• Task:
The answer should be an exact repeat of the stretch of material below from the line containing "set of stationery" through the line containing "안녕하세요, 사장님.카운터사이드 운영팀입니다.10/26(목)".

• Exercise inputs:

= = = = = = =

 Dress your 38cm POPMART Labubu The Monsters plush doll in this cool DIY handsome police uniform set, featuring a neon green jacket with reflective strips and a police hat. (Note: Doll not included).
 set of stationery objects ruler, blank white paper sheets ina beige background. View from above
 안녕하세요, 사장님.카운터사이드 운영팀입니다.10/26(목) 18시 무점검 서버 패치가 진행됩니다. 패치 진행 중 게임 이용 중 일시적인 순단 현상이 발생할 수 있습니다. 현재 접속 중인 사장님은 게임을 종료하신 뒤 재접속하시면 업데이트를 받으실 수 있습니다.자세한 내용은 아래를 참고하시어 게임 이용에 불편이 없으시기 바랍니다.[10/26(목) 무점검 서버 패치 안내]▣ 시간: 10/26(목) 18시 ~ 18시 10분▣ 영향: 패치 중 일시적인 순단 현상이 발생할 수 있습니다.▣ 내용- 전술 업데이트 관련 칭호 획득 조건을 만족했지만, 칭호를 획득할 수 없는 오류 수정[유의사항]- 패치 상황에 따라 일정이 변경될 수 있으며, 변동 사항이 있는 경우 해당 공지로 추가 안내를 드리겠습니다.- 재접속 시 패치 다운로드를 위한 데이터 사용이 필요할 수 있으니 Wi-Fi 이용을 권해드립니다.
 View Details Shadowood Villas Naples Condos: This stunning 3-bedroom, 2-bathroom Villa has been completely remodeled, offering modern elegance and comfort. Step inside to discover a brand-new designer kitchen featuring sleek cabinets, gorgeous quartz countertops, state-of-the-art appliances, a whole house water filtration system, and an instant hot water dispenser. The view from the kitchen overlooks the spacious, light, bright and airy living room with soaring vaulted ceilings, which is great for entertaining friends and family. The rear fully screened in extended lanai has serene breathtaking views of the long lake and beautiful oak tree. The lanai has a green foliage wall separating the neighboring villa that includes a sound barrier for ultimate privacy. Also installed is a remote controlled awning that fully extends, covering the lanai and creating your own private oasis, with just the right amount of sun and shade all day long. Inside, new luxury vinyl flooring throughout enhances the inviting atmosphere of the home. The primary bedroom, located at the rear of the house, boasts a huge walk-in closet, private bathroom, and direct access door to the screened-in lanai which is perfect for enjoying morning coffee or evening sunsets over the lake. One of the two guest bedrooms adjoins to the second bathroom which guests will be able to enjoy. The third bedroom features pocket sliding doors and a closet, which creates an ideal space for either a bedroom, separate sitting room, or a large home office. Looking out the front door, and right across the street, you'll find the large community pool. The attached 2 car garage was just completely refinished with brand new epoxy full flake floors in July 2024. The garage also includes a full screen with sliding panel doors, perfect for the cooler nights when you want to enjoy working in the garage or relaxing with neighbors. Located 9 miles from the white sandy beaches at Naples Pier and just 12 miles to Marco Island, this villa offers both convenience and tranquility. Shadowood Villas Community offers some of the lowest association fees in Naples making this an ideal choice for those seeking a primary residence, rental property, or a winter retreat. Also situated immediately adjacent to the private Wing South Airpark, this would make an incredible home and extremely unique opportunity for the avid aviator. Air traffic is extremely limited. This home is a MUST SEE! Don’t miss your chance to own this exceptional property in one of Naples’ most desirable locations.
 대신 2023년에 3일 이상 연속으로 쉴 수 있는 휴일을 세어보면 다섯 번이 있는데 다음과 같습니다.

= = = = = = =

• Finished exercise:
 set of stationery objects ruler, blank white paper sheets ina beige background. View from above
 안녕하세요, 사장님.카운터사이드 운영팀입니다.10/26(목) 18시 무점검 서버 패치가 진행됩니다. 패치 진행 중 게임 이용 중 일시적인 순단 현상이 발생할 수 있습니다. 현재 접속 중인 사장님은 게임을 종료하신 뒤 재접속하시면 업데이트를 받으실 수 있습니다.자세한 내용은 아래를 참고하시어 게임 이용에 불편이 없으시기 바랍니다.[10/26(목) 무점검 서버 패치 안내]▣ 시간: 10/26(목) 18시 ~ 18시 10분▣ 영향: 패치 중 일시적인 순단 현상이 발생할 수 있습니다.▣ 내용- 전술 업데이트 관련 칭호 획득 조건을 만족했지만, 칭호를 획득할 수 없는 오류 수정[유의사항]- 패치 상황에 따라 일정이 변경될 수 있으며, 변동 사항이 있는 경우 해당 공지로 추가 안내를 드리겠습니다.- 재접속 시 패치 다운로드를 위한 데이터 사용이 필요할 수 있으니 Wi-Fi 이용을 권해드립니다.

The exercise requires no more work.